Stored records

##########

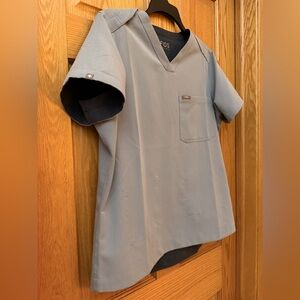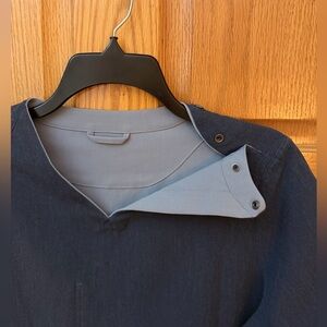 NWOT Women’s Large Dark Harbor/Dusty Blue Reversible V Neck Scrub Top by Figs. A combination of Casma and Catarina scrub top in one with rounded longer back
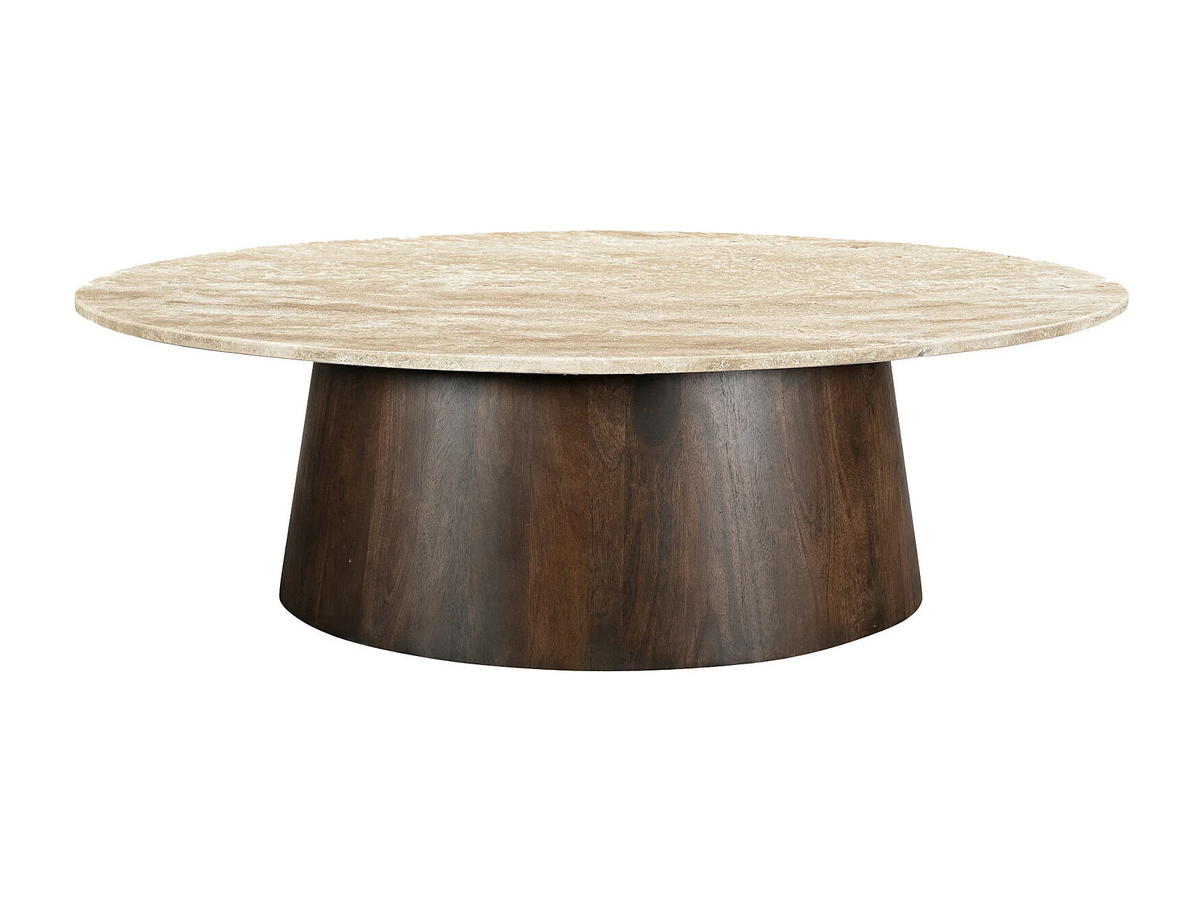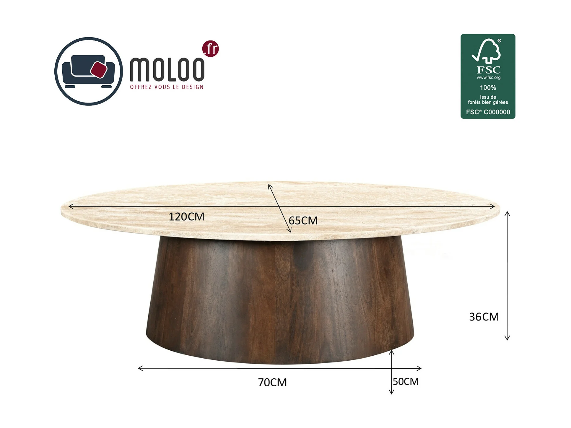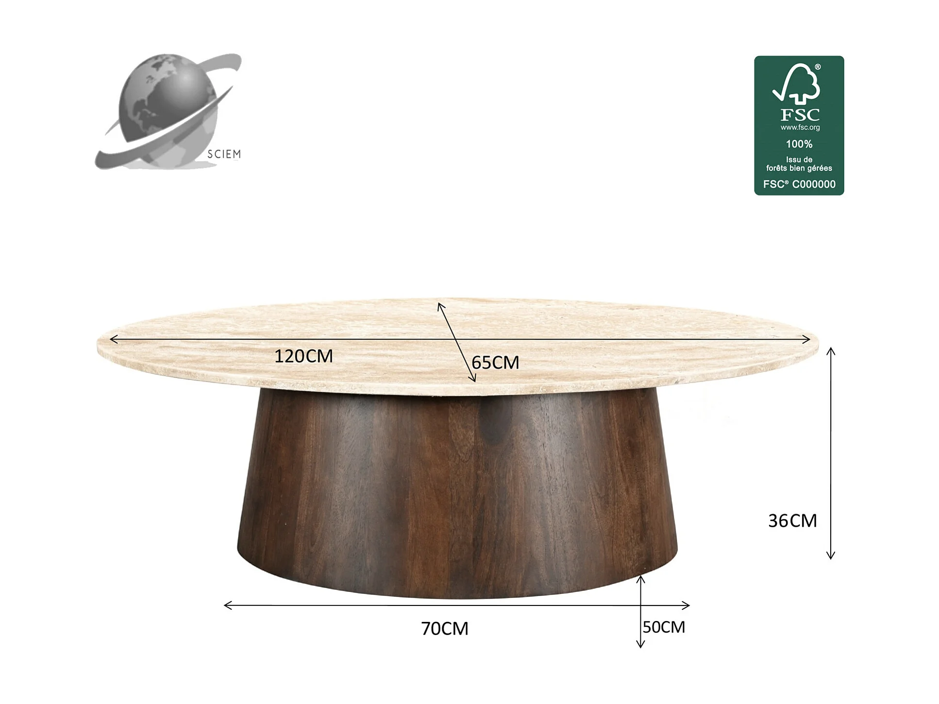 STONE-Mesa de centro ovalada en travertino y madera marrón
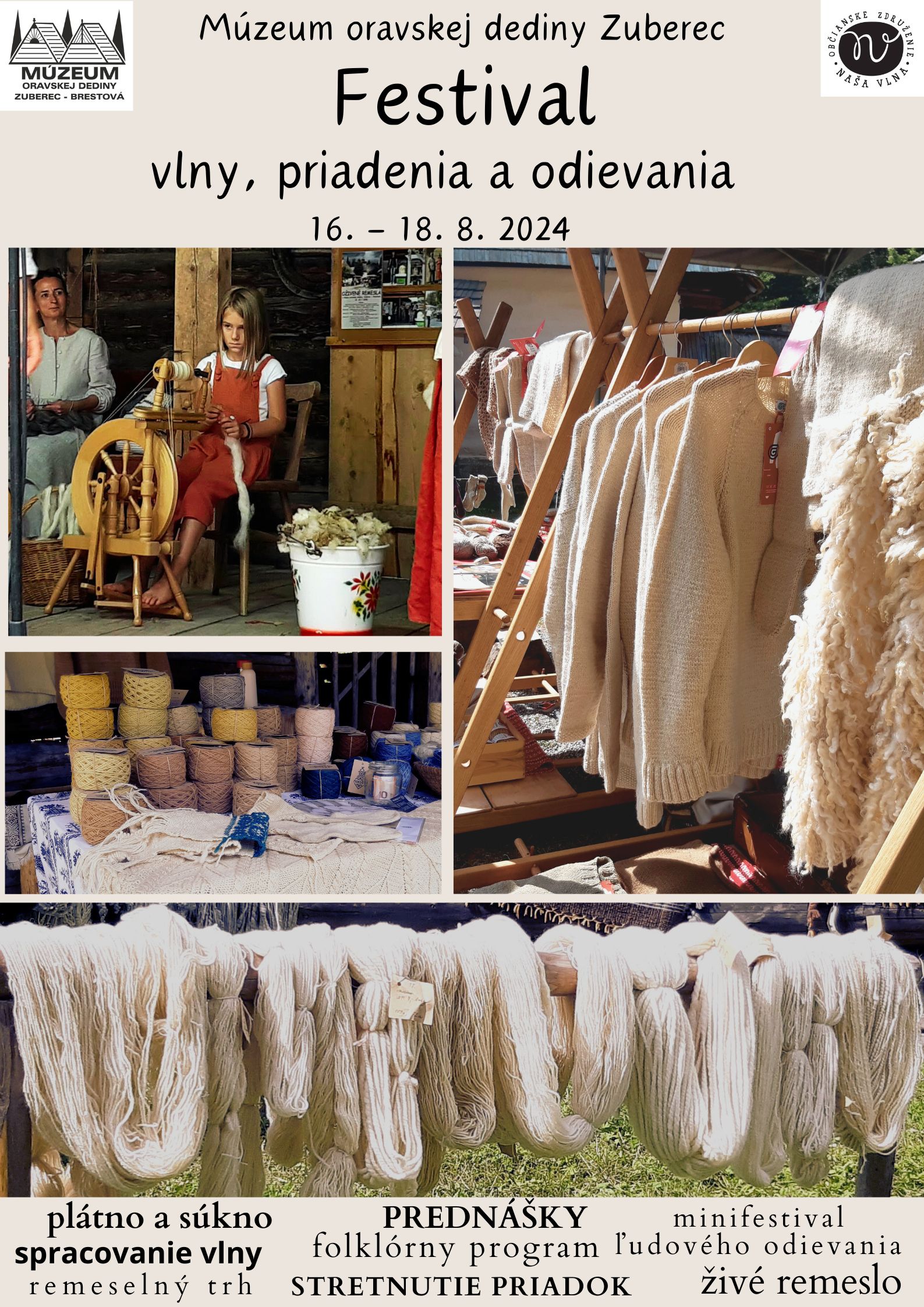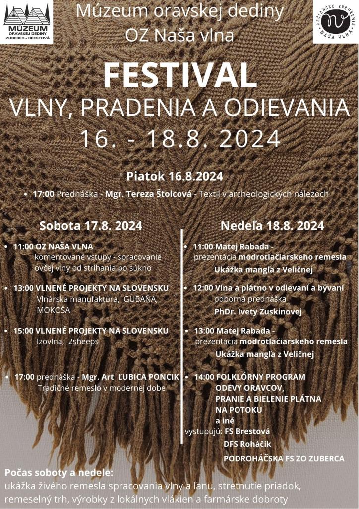 V dňoch 16. - 18. augusta 2024 sa v Múzeu oravskej dediny uskutoční Festival vlny, pradenia a odievania, ktorý organizuje OZ Naša vlna.
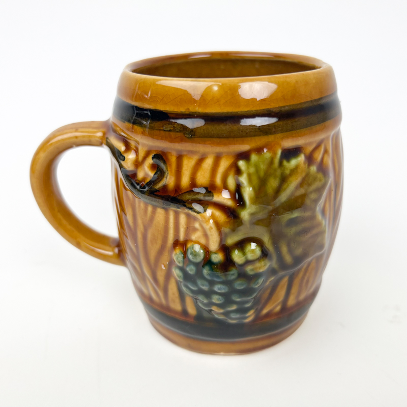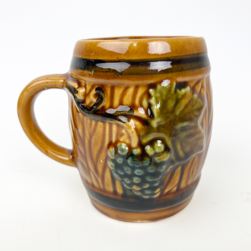 Dekorativt retro krus i glaseret fajance med relief af drueklase og blade i varme brune og grønne nuancer.
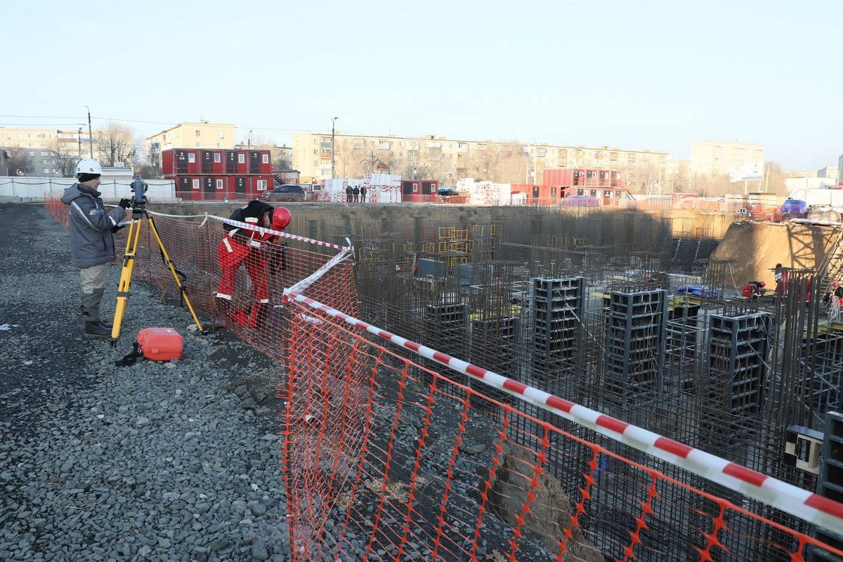 Строительная площадка организована с высоким уровнем безопасности: она накрыта бетонными плитами, предусмотрены мойки для машин и решётки для чистки обуви. На объекте строго соблюдаются требования законодательства по охране труда — все рабочие обеспечены касками, перчатками и страховочными поясами. На данный момент ведутся работы по бетонированию несущих колонн и потолочного перекрытия подземной автостоянки, которая будет общей для двух 12-этажных зданий. Каждое здание будет иметь три и четыре подъезда соответственно, а на первом этаже разместятся коммерческие помещения для торговли и ус
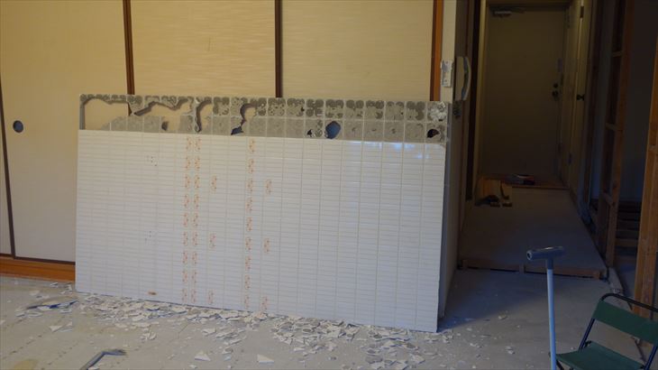 ユニットバスの壁タイルはがし

##########

(Exercise aim) Could you repeat, exactly and with nothing added, the lines from the top of the entries above through the line that holds "Dekorativt retro krus", leaving out any pictures?

(Output of the exercise)
 NWOT Women’s Large Dark Harbor/Dusty Blue Reversible V Neck Scrub Top by Figs. A combination of Casma and Catarina scrub top in one with rounded longer back
 STONE-Mesa de centro ovalada en travertino y madera marrón
 V dňoch 16. - 18. augusta 2024 sa v Múzeu oravskej dediny uskutoční Festival vlny, pradenia a odievania, ktorý organizuje OZ Naša vlna.
 Dekorativt retro krus i glaseret fajance med relief af drueklase og blade i varme brune og grønne nuancer.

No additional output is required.